While echoing N.C. DHHS and AppHealthCare in stating that most people do not need testing for COVID-19, ARHS now advises that if you are sick and unsure if you should get tested, you can call your health care provider or connect with a RelyMD provider online at relymd.com/covidarhs on your computer or mobile device. The screening costs $49 with the coupon code BEWELLARHS.
People who experience shortness of breath and difficulty breathing, chest pain or pressure, bluish lips or face or confusion or disorientation should call 911 or contact their primary health care provider, according to ARHS.
Preparing for a potential surge
Asked when North Carolina can expect COVID-19 cases to peak, N.C. DHHS Secretary Mandy Cohen said on March 25 that officials are still working to determine what trajectory N.C. is on, but that they feel like the state is trending lower compared with other states.
Regardless, Hudspeth laid out the steps that ARHS is taking in preparation for a potential surge in patients due to COVID-19.
“Two weeks ago we formally established an incident command center to integrate facilities, equipment, personnel, procedures and communications within our organizational structure specifically aimed at responding to catastrophic levels of COVID-19,” Hudspeth said. “We communicate daily with N.C. DHHS, AppHealthCare, Toe River Health District, emergency management, Watauga and Avery County Schools, Appalachian State University, the N.C. Hospital Association, state and federal legislators and many law enforcement agencies to ensure synchronous response to COVID-19.”
“We’ve converted two large inpatient bed units into isolation areas — and have developed contingency plans if demand exceeds our bed capacity,” Hudspeth said.

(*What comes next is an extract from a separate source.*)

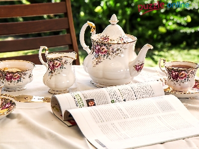 Zestaw kawowy, Gazeta, Cukiernica, Porcelana, Mlecznik, Zastawa, Dzbanek, Filiżanki
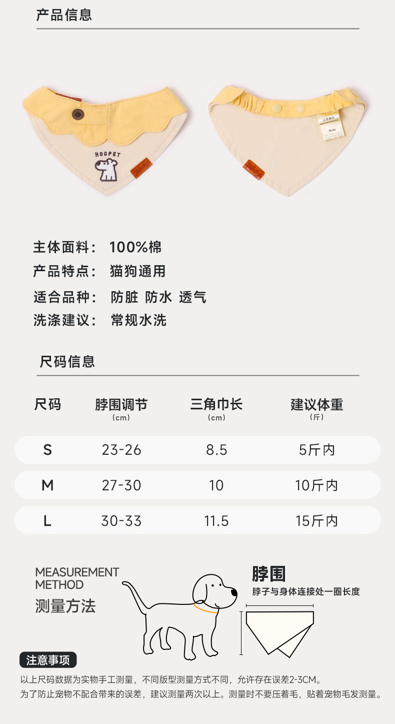 L: circunferencia del cuello 30-33 * longitud de la toalla triangular 11.5CM

Recently, ARHS barred all visitors from its hospitals (with a few exceptions) and mandated that all employees enter through a single entrance where they are required to get a temperature screening.
“Employees with a temperature of 100 (degrees Fahrenheit) or greater are not allowed to work. Today the temperature screening mandate was extended across all ARHS (clinical and non-clinical) facilities,” Hudspeth said on March 26.

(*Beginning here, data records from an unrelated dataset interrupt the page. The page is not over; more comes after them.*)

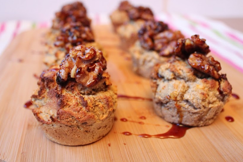 Apples, walnuts and mixed spices – ahhh, hello autumn! Just one of the many reasons I love this time of year, anything that combines these flavours is an ultimate winner. These delicious high protein muffins are topped with homemade caramelised, crunchy walnuts which believe me, really finishes these slightly more indulgent baked treats perfectly! Enjoy…
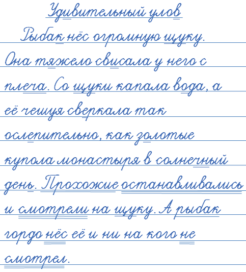 Рыбак нёс огромную щуку. Щука тяжело свисала у него с плеча. Со щуки капала вода, а чешуя щуки сверкала так ослепительно, как золотые купола монастыря в солнечный день. Прохожие останавливались и смотрели на щуку. А рыбак гордо нёс щуку и ни на кого не смотрел.
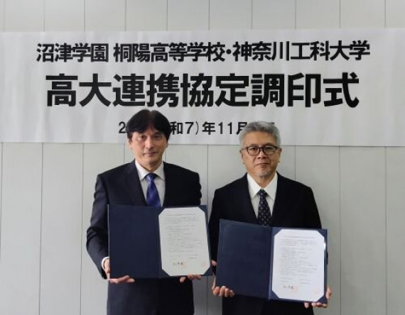 During the ceremony, Vice Principal Hajime Kanazashi of Tōyō High School and President Tetsuri Inoue of our university exchanged views on future collaborative initiatives.
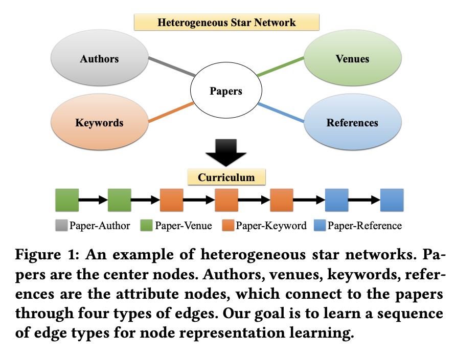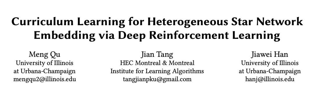 本文是 UIUC 和 HEC Montreal 发表于 WSDM 2018 的工作,论文开创性地将强化学习思想应用到星型异构网络节点表示学习当中 ,利用马尔科夫链去获取最优的节点之间边的序列。作者将奖励计算作为节点表示的外部任务的性能作为特征,目标是采取一系列行动来最大化累积奖励,基于长短记忆网络利用深度强化学习模型,完成网络表示学习。

Another action was the postponement of all elective surgeries and procedures, Hudspeth said, following guidance from the U.S. surgeon general, the American College of Surgeons and the CDC. Hudspeth said the measure will help “ration much-needed personal protective equipment, keep hospital beds open and ... shield patients from the virus.”

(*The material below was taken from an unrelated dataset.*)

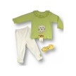 6-9 9-12 12-18 Ay Elbiseli Kedi Nakışlı Bandanalı Uzun Kollu Sweat 3lü Kız Bebek Takımı Yeşil

COVID-19 testing sites in Watauga and Avery County are located off site from hospitals to protect employees, Hudspeth said, and ARHS has created new supply chain and logistics channels to ensure continuity of supplies.
The Broyhill Wellness Center, closed to the public, is temporarily being used for child care for ARHS employees’ children.
One measure being implemented elsewhere, but that ARHS has yet to take, is utilizing retired doctors and nurses, Hudspeth said.
“Some external volunteer roles are being utilized, but in very limited roles,” Hudspeth noted.
Cohen said on March 25 that “hundreds” of health care professionals have answered the state’s call for volunteers.
Thomas Sherrill contributed reporting to this article.